Given material section start

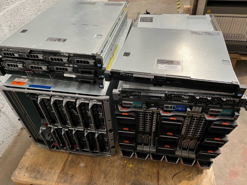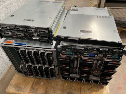 COLLECTION ONLY: Seven pre-owned Dell server items - 2 x PowerEdge M1000e Blade Enclosures with various modules, 1 x PowerEdge R610 1U Rack Server, 2 x PowerEdge R320 1U Rack Server, 1 x PowerEdge R610 1U Rack Server and 1 x PowerEdge R210 1U Rack Server (All items removed from a working office environment. No drives or licences included. Sold as seen).
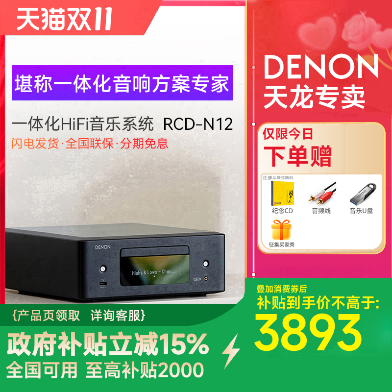 Denon/天龙RCD-N12台式组合音箱家影套装cd播放器书架碟机一体机
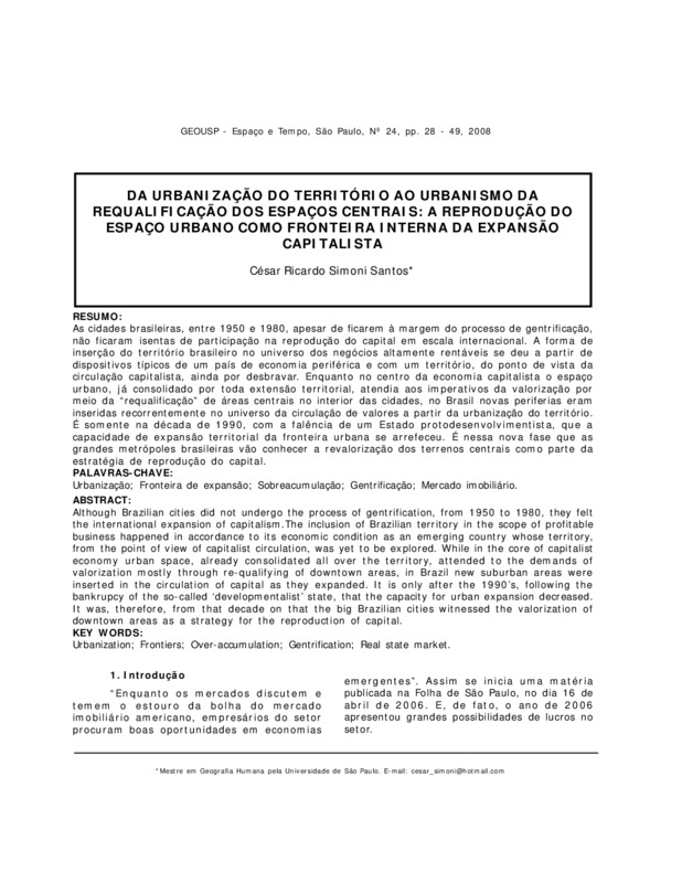 meio da “requalificação” de áreas centrais no interior das cidades, no Brasil novas periferias eram

Given material section end

What is needed: Without the pictures, retype all of the data above exactly.

Output of the task:
 COLLECTION ONLY: Seven pre-owned Dell server items - 2 x PowerEdge M1000e Blade Enclosures with various modules, 1 x PowerEdge R610 1U Rack Server, 2 x PowerEdge R320 1U Rack Server, 1 x PowerEdge R610 1U Rack Server and 1 x PowerEdge R210 1U Rack Server (All items removed from a working office environment. No drives or licences included. Sold as seen).
 Denon/天龙RCD-N12台式组合音箱家影套装cd播放器书架碟机一体机
 meio da “requalificação” de áreas centrais no interior das cidades, no Brasil novas periferias eram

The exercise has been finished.